_Information shown_.
== Segment start ==

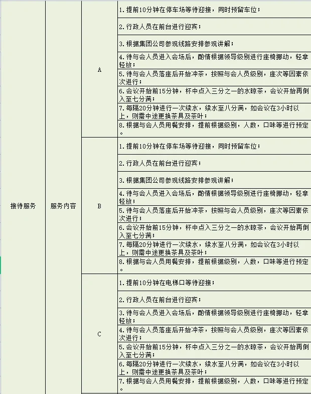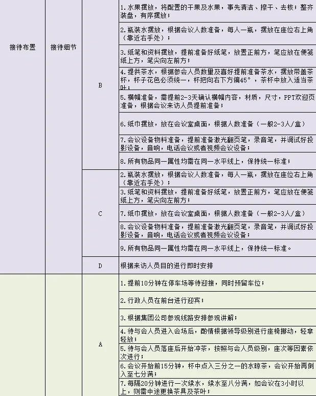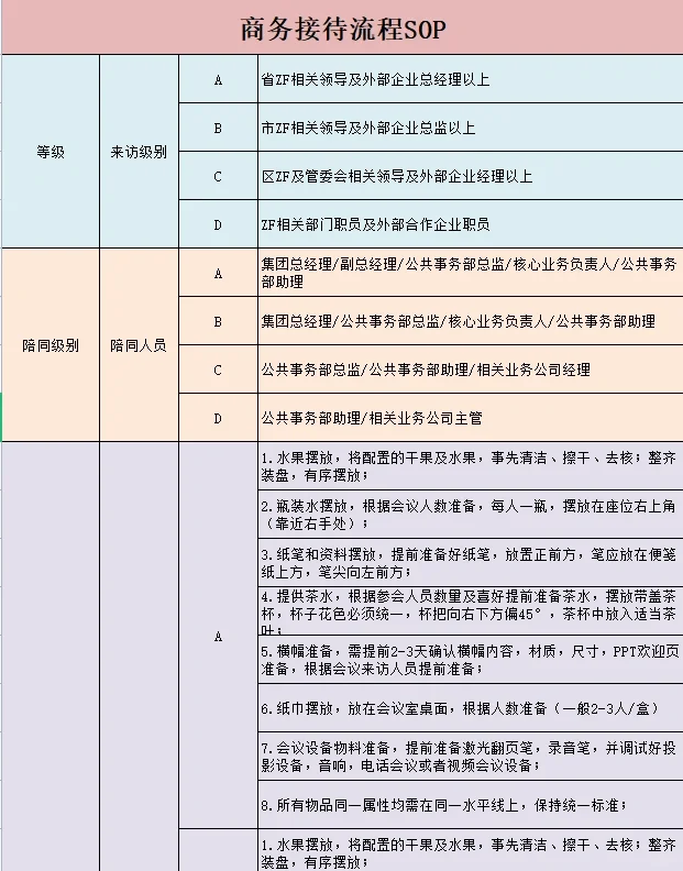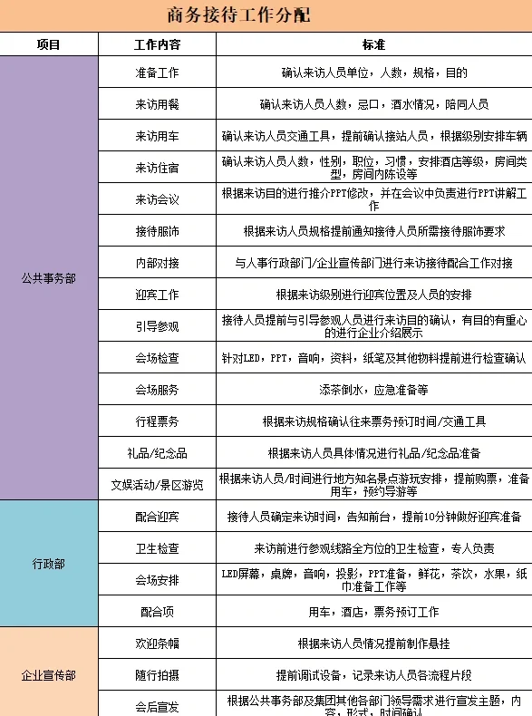 今天,我將與大家分享職場商務(wù)接待的流程,分為以下四個(gè)主要部分: 嘉賓級(jí)別:一般分為采埃孚單位、企業(yè)單位和媒體等,其中需要確認(rèn)? 部門? 等級(jí)? 未來工作安排的名稱,不同嗎在級(jí)別配置和接收標(biāo)準(zhǔn)方面存在差異; 陪同級(jí)別:根據(jù)客人的級(jí)別安排陪同人員,例如:誰是客人對(duì)于企業(yè)的總經(jīng)理和其他人員,陪同人員相當(dāng)于 公司總經(jīng)理、接待部部長; 接待安排:根據(jù)客人的級(jí)別安排接待級(jí)別,涉及哪些方面茶葉水果鮮花橫幅紙和筆,信息住處吃飯車輛等;(有許多具體細(xì)節(jié),模板已放置在圖像中) 接待服務(wù):優(yōu)化接待安排,比如提前預(yù)定XXX人到XXX上下車停車位,? 歡迎地點(diǎn)和人員,接待和解釋,會(huì)議安排、加茶倒水的時(shí)間和禮儀、用餐人數(shù)、用餐需求等。 以上就是商務(wù)接待的內(nèi)容。除了這個(gè)過程,此外,還需要注意部門之間的關(guān)系工作協(xié)作, 商務(wù)招待會(huì)通常涉及商務(wù) 公共事務(wù)部 行政部 企業(yè)宣傳部,具體內(nèi)容如下: 公共事務(wù)部負(fù)責(zé): 來訪信息確認(rèn):包括人員信息,住處吃飯車輛,協(xié)調(diào)行政部門進(jìn)行具體安排; 參觀會(huì)議的準(zhǔn)備工作:包括準(zhǔn)備好材料,檢查設(shè)備,檢查場館布局,提供場館服務(wù); 參觀行程安排:包括♀? 接待和解釋,準(zhǔn)備好紀(jì)念品并陪同游覽景點(diǎn)。 行政管理部負(fù)責(zé): 參觀接待與協(xié)調(diào):包括住處餐館車輛, 訂票; 參觀會(huì)議安排:包括茶葉水果,紙巾,餐桌標(biāo)志,橫幅,投影和音頻執(zhí)行; 企業(yè)宣傳部負(fù)責(zé): 參觀宣傳材料:根據(jù)游客及其目的設(shè)計(jì)和制作橫幅、餐桌標(biāo)志和其他接待材料; 訪問平臺(tái)推廣:根據(jù)行程安排還是會(huì)議安排視頻行程結(jié)束后,記錄照片,在公司內(nèi)外部平臺(tái)進(jìn)行宣傳,與媒體對(duì)接,塑造公司內(nèi)外部形象; 職場新手向他人學(xué)習(xí),升職加薪如此容易~
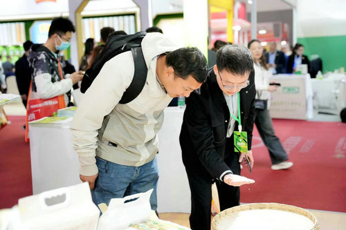 (第110届全国糖酒商品交易会上,丰裕公司副总经理王瑞林向参观者介绍“天府天保”品牌大米)
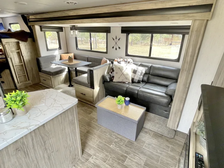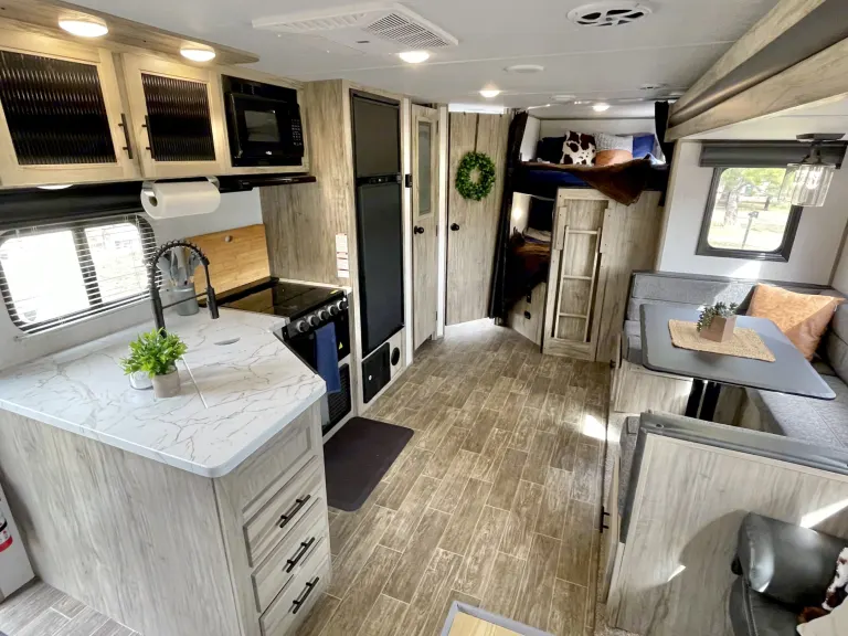 Multi-sleeper and family fun trailer! Interior highlights include an oversized u-dinette, oversized double bunk beds, stylish flip sofa for additional seating/sleeping, master bedroom with dual access and a farm style sink. Some exterior refinements include an oversized 20’ exterior awning, dual entry, and a deluxe outside kitchen for the camp chef!What's included• Includes fitted sheets on all 3 beds (full bedding and blankets available as an add-on)

== Segment end ==

_Your assignment_. From the first line above through the line containing "(第110届全国糖酒商品交易", copy everything exactly, without the pictures.

_Response box_.
 今天,我將與大家分享職場商務(wù)接待的流程,分為以下四個(gè)主要部分: 嘉賓級(jí)別:一般分為采埃孚單位、企業(yè)單位和媒體等,其中需要確認(rèn)? 部門? 等級(jí)? 未來工作安排的名稱,不同嗎在級(jí)別配置和接收標(biāo)準(zhǔn)方面存在差異; 陪同級(jí)別:根據(jù)客人的級(jí)別安排陪同人員,例如:誰是客人對(duì)于企業(yè)的總經(jīng)理和其他人員,陪同人員相當(dāng)于 公司總經(jīng)理、接待部部長; 接待安排:根據(jù)客人的級(jí)別安排接待級(jí)別,涉及哪些方面茶葉水果鮮花橫幅紙和筆,信息住處吃飯車輛等;(有許多具體細(xì)節(jié),模板已放置在圖像中) 接待服務(wù):優(yōu)化接待安排,比如提前預(yù)定XXX人到XXX上下車停車位,? 歡迎地點(diǎn)和人員,接待和解釋,會(huì)議安排、加茶倒水的時(shí)間和禮儀、用餐人數(shù)、用餐需求等。 以上就是商務(wù)接待的內(nèi)容。除了這個(gè)過程,此外,還需要注意部門之間的關(guān)系工作協(xié)作, 商務(wù)招待會(huì)通常涉及商務(wù) 公共事務(wù)部 行政部 企業(yè)宣傳部,具體內(nèi)容如下: 公共事務(wù)部負(fù)責(zé): 來訪信息確認(rèn):包括人員信息,住處吃飯車輛,協(xié)調(diào)行政部門進(jìn)行具體安排; 參觀會(huì)議的準(zhǔn)備工作:包括準(zhǔn)備好材料,檢查設(shè)備,檢查場館布局,提供場館服務(wù); 參觀行程安排:包括♀? 接待和解釋,準(zhǔn)備好紀(jì)念品并陪同游覽景點(diǎn)。 行政管理部負(fù)責(zé): 參觀接待與協(xié)調(diào):包括住處餐館車輛, 訂票; 參觀會(huì)議安排:包括茶葉水果,紙巾,餐桌標(biāo)志,橫幅,投影和音頻執(zhí)行; 企業(yè)宣傳部負(fù)責(zé): 參觀宣傳材料:根據(jù)游客及其目的設(shè)計(jì)和制作橫幅、餐桌標(biāo)志和其他接待材料; 訪問平臺(tái)推廣:根據(jù)行程安排還是會(huì)議安排視頻行程結(jié)束后,記錄照片,在公司內(nèi)外部平臺(tái)進(jìn)行宣傳,與媒體對(duì)接,塑造公司內(nèi)外部形象; 職場新手向他人學(xué)習(xí),升職加薪如此容易~
 (第110届全国糖酒商品交易会上,丰裕公司副总经理王瑞林向参观者介绍“天府天保”品牌大米)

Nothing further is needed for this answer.